Fast forward a couple decades and your sweet little boy is the grown man women love to complain about. Clearly, grown people are responsible for their own actions, but it’s a lot harder to make better decisions when you’ve been weaned on no-good habits since birth.
Parenting is a challenging job, with far too few displays of recognition or positive guidance. But no one wants to raise a child who causes heartbreak and suffering to others.
If you can identify with any of the following, stop, think about your goals for your child, then take action.
Boys will be boys and single moms may need to be a bit more aggressive (i.e., use more bass in the voice to snap their children in line). If all this aggressive talk (which turns into yelling) makes up even half of the interactions with your child, however, you’re sending him down a slippery slope.
Little boys adore their moms and the relationship you build with him is a template for future relationships with women. Do you really want him to feel like the only way he can communicate with a woman is through screaming and shouting?
Does it hurt to tell your child no? Is the two letter shutdown reserved solely for dangerous situations or when your back is against the wall? It just breaks your heart to utter “no” to your sweet little prince, huh?
Get over it. Fast. “No,” is a natural part of life that builds character, perspective and negotiation skills. Being a “yes” mom is a great way to raise a self-absorbed, egotistical and emotionally selfish man.
Find a balance between succumbing to your kid’s every childish whim and building his confidence and ambition.
Servant moms wait on their boys hand and foot, (i.e., A little boy drops ketchup on his kicks, grunts and points and mom swoops in like the help).
By all means, take care of your babies! Just don’t forget the goal is to raise a man who will be expected to take care of himself, and possibly a family of his own.
Granted, the age of the child determines how much he’s ready to do, but he’s learning either way. How do you not be a servant mom in such a situation? Make it a lesson. “This is a napkin, and this is how you wipe. Now take care of that!”
This one’s a no brainer. Your son is sure to love you, despite using your love as a merry-go-round for an assortment of men. But he’ll likely identify or pick up habits of those male “role models,” which is far from ideal. Not to mention, if his classmates catch wind that you’re a little too free sexually and start cracking on you, little man will have to aggressively defend your honor, and that’s not even fair…

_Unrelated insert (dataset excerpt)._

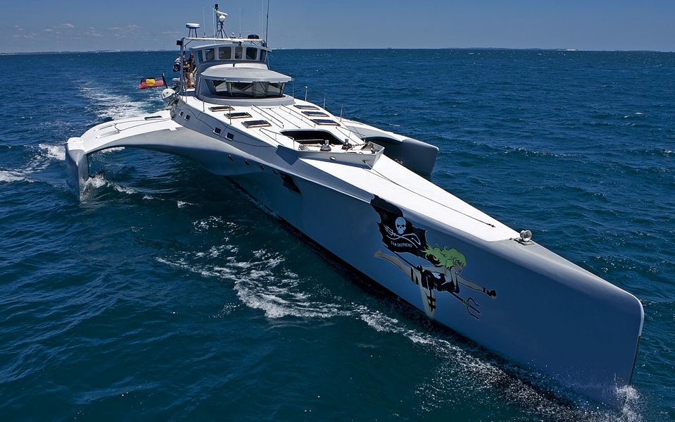 Diseñado y construido en 2005 para superar el récord del mundo de la circunnavegación más rápida de una embarcación a motor, el Earthrace lo consiguió al segundo intento en 2008. Adquirido posteriormente para la sociedad conservacionista Sea Shepherd y renombrado como Ady Gil, el buque acabó hundido en el fondo del océano Antártico tras chocar con un buque ballenero japonés en 2010.

As a single mom, you want your son to honor what you say, but no matter how much bass you put in your voice, a child will have a tough time respecting your commands and promises if you can’t keep your word. The toughest part of disciplining children is sticking to your guns, (i.e., If you say you’re going to the park, then go to the park. Likewise, if you tell your little man no cake before dinner, don’t dare back down to puppy dog eyes).
Flaky moms breed men with a shaky sense of integrity. Small or large, when you renege on your word, you break a commitment and teach your son that it’s completely acceptable to say one thing and then do another.
It’s no secret, kids need a mom present, active and engaged in their life. As soon as a child is old enough to conceptualize who his real mother is and why she isn’t around, he’s on track to a lifetime of resentment and other emotional hangups that carry right on into adulthood. Of course, this also rings true to absent fathers too.
Few things are worse for a kid’s psyche than the moms who wish they weren’t moms or just the mom of a better son. Maybe you weren’t ready to be a mom, or you’re still in shock of being left to parent alone, or maybe you even wish your son was more like this or that.
Get over it, fast. First, you’ll have to face the emotions you’re having and deal with them accordingly rather than pretend to be happy because children pick up on the real thing easily. Get your act together and learn to love your child for who he is, despite the circumstances of how he got there and your current situation, and work to find ways you can build on the man he will become.